| Records for the exercise |

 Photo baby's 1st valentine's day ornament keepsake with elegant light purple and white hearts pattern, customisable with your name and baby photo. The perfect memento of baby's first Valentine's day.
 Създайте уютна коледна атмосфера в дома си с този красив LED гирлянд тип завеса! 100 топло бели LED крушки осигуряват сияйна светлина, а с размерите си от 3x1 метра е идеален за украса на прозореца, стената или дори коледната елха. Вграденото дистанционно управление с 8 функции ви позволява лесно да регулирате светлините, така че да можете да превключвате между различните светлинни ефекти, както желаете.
---
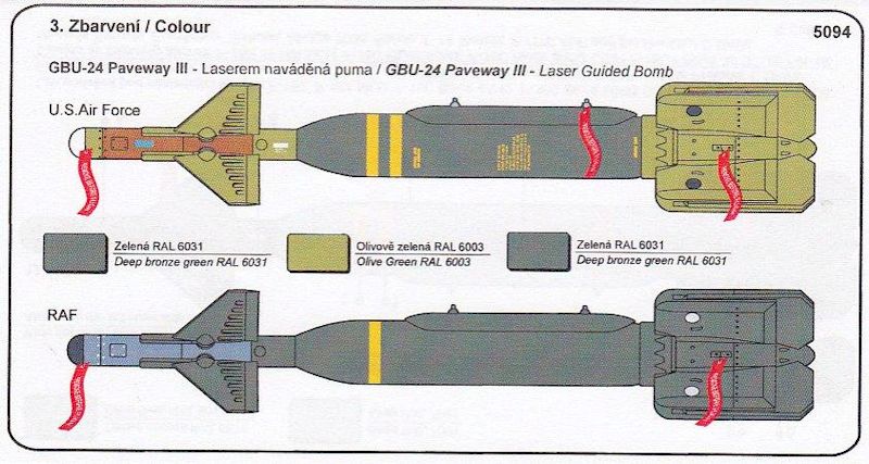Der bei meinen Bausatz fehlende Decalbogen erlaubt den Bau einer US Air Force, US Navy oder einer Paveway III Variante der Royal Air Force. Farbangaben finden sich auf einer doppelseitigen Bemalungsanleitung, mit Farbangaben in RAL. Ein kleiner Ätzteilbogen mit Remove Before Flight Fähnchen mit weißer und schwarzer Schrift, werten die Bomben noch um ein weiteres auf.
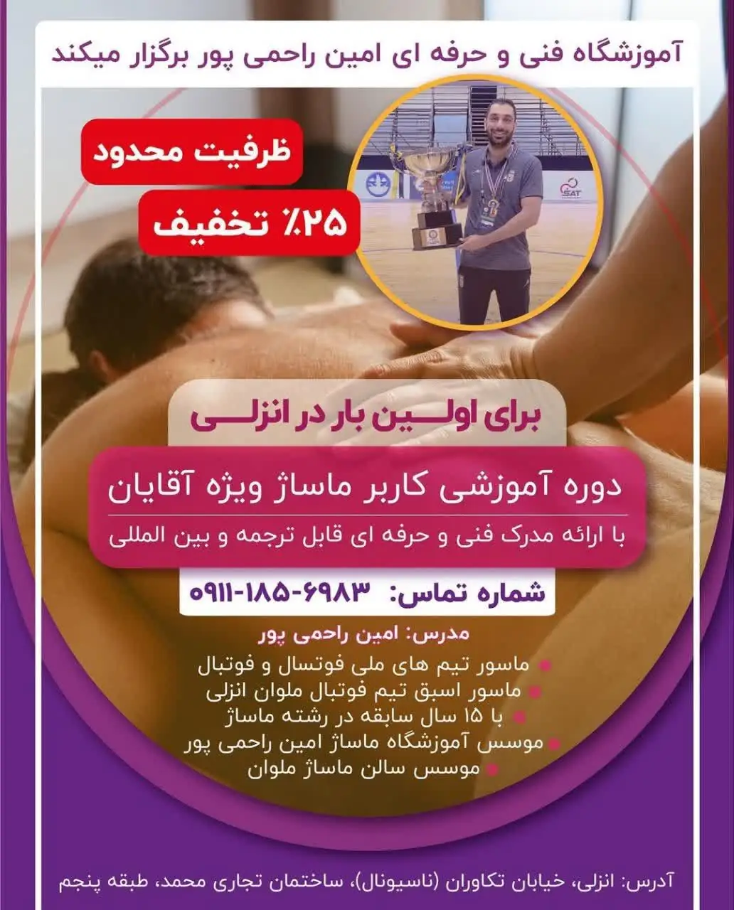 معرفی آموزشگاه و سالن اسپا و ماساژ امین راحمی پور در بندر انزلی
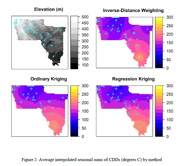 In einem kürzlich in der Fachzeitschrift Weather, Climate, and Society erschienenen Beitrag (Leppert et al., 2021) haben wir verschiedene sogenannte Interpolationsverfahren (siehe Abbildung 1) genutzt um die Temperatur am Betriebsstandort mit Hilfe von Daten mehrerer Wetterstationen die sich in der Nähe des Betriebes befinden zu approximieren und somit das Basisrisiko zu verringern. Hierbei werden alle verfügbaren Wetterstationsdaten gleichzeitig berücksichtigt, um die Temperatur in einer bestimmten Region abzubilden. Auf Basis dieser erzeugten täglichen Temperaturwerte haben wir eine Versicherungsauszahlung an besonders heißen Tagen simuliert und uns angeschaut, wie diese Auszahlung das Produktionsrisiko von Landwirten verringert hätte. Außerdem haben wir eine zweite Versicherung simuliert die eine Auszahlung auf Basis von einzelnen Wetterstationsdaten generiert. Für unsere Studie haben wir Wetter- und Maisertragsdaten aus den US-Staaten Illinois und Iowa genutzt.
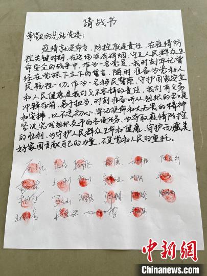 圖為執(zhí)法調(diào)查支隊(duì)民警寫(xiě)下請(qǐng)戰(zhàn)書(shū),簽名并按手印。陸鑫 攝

| What the exercise asks |
Using only the entries above, output the line with "Photo baby's 1st", the line with "Създайте уютна коледна", and all lines between them, exactly as they stand.

| Written response |
 Photo baby's 1st valentine's day ornament keepsake with elegant light purple and white hearts pattern, customisable with your name and baby photo. The perfect memento of baby's first Valentine's day.
 Създайте уютна коледна атмосфера в дома си с този красив LED гирлянд тип завеса! 100 топло бели LED крушки осигуряват сияйна светлина, а с размерите си от 3x1 метра е идеален за украса на прозореца, стената или дори коледната елха. Вграденото дистанционно управление с 8 функции ви позволява лесно да регулирате светлините, така че да можете да превключвате между различните светлинни ефекти, както желаете.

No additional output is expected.